BEGIN Data
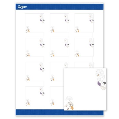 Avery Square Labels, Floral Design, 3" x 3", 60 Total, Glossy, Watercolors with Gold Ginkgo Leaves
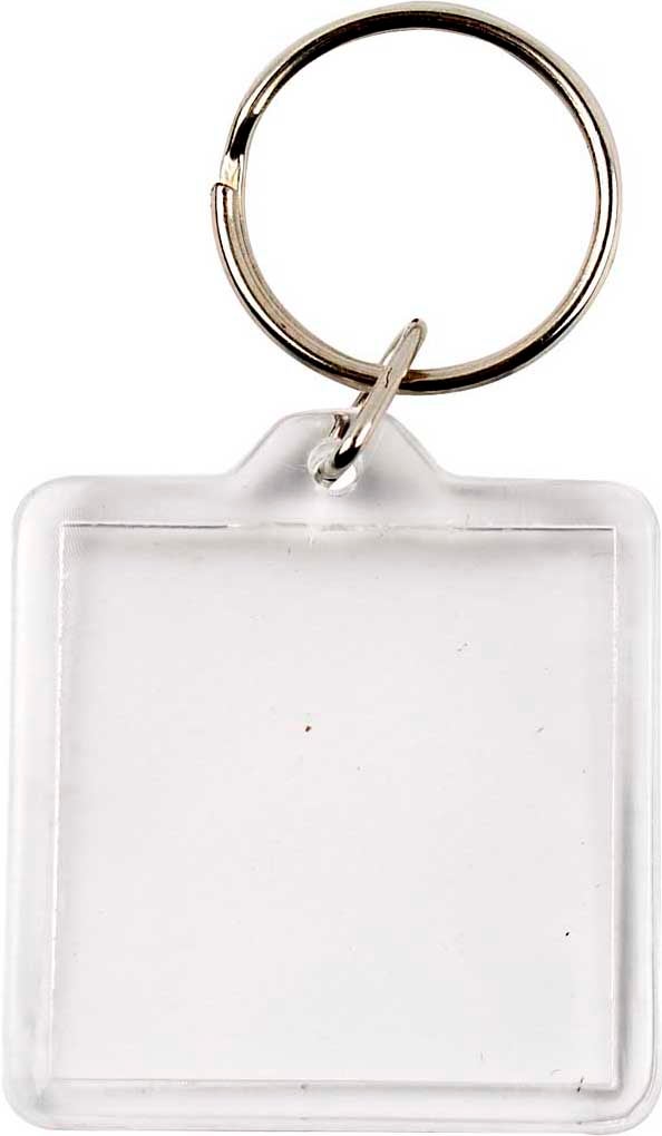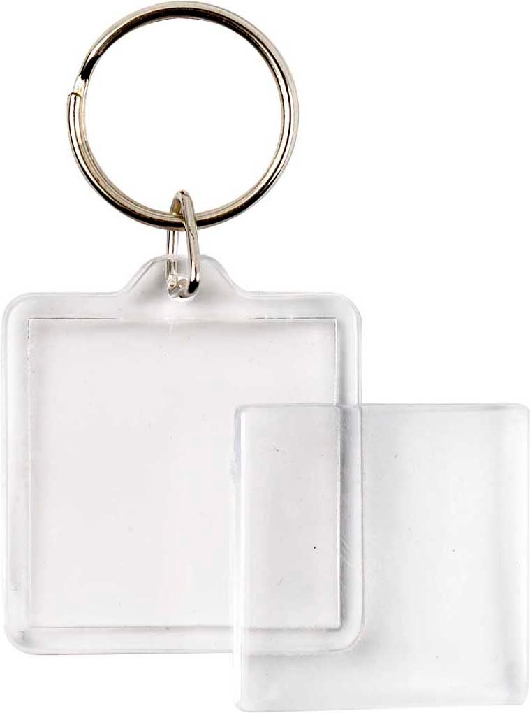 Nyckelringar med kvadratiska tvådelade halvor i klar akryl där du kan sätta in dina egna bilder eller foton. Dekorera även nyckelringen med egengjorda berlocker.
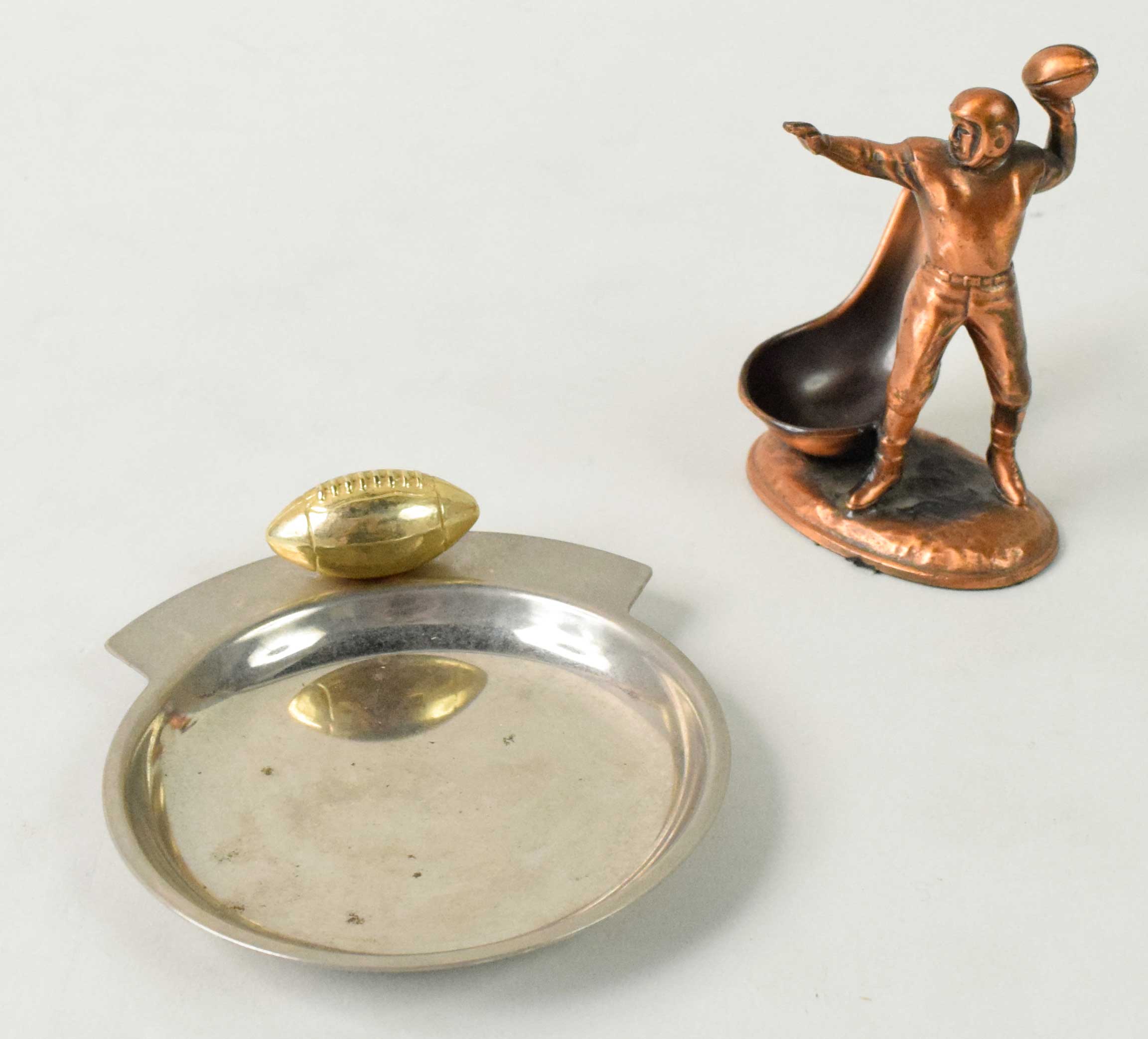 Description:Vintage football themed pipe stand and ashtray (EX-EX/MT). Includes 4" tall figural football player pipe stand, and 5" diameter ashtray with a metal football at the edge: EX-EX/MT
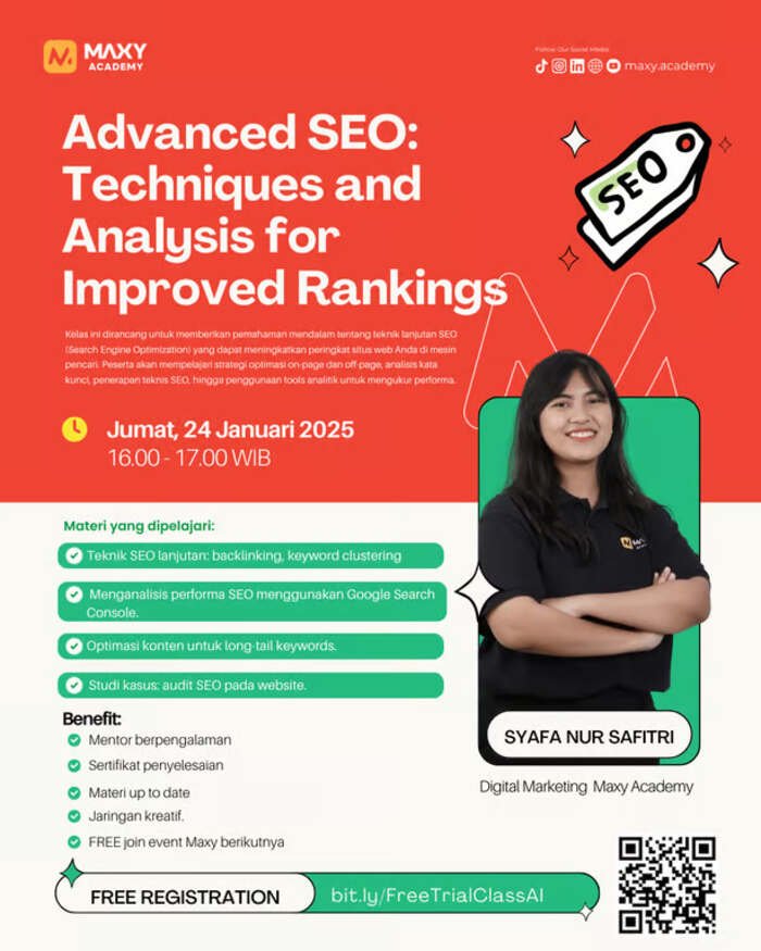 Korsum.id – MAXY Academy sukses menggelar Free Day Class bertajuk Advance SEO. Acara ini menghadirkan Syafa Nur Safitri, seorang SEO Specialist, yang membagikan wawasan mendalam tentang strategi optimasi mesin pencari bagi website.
END Data
BEGIN Data
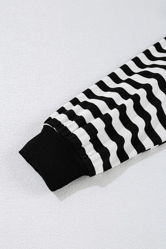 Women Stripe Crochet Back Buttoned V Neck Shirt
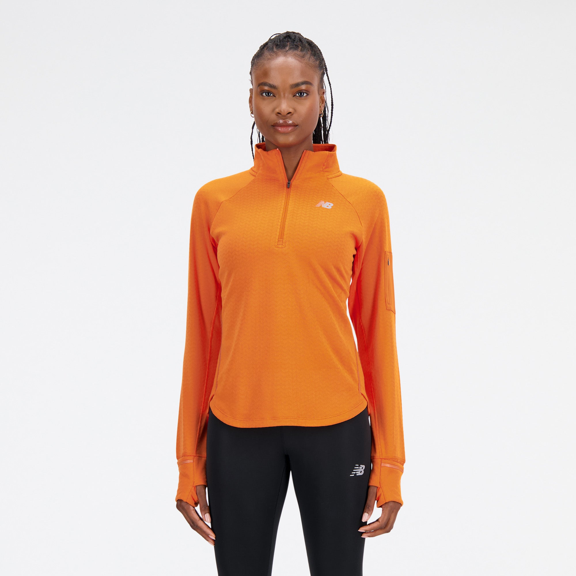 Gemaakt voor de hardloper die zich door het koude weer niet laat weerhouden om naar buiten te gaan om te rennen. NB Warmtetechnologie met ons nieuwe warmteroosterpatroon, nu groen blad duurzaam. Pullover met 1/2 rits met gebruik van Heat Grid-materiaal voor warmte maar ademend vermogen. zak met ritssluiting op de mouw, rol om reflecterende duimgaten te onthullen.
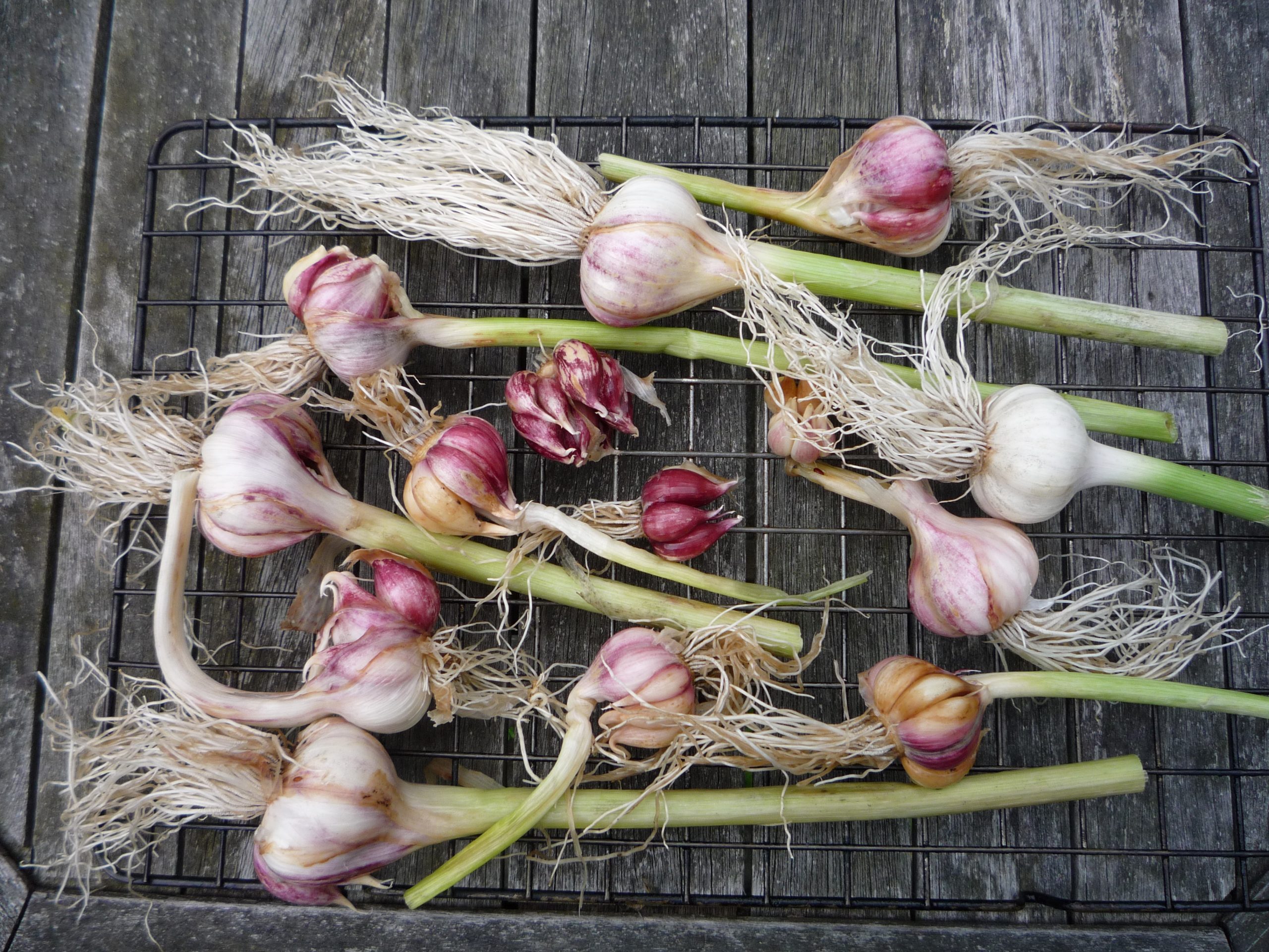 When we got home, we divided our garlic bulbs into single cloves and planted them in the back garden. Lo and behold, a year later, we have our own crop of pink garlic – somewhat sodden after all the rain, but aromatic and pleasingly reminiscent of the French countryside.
END Data
BEGIN Data
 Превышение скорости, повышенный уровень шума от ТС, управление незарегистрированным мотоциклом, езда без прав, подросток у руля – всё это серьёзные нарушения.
END Data
Starting at the line with "Avery Square Labels, Floral" in the entries above, write out every line exactly until the line with "Description:Vintage football themed" has been written. Include no pictures and nothing more.

 Avery Square Labels, Floral Design, 3" x 3", 60 Total, Glossy, Watercolors with Gold Ginkgo Leaves
 Nyckelringar med kvadratiska tvådelade halvor i klar akryl där du kan sätta in dina egna bilder eller foton. Dekorera även nyckelringen med egengjorda berlocker.
 Description:Vintage football themed pipe stand and ashtray (EX-EX/MT). Includes 4" tall figural football player pipe stand, and 5" diameter ashtray with a metal football at the edge: EX-EX/MT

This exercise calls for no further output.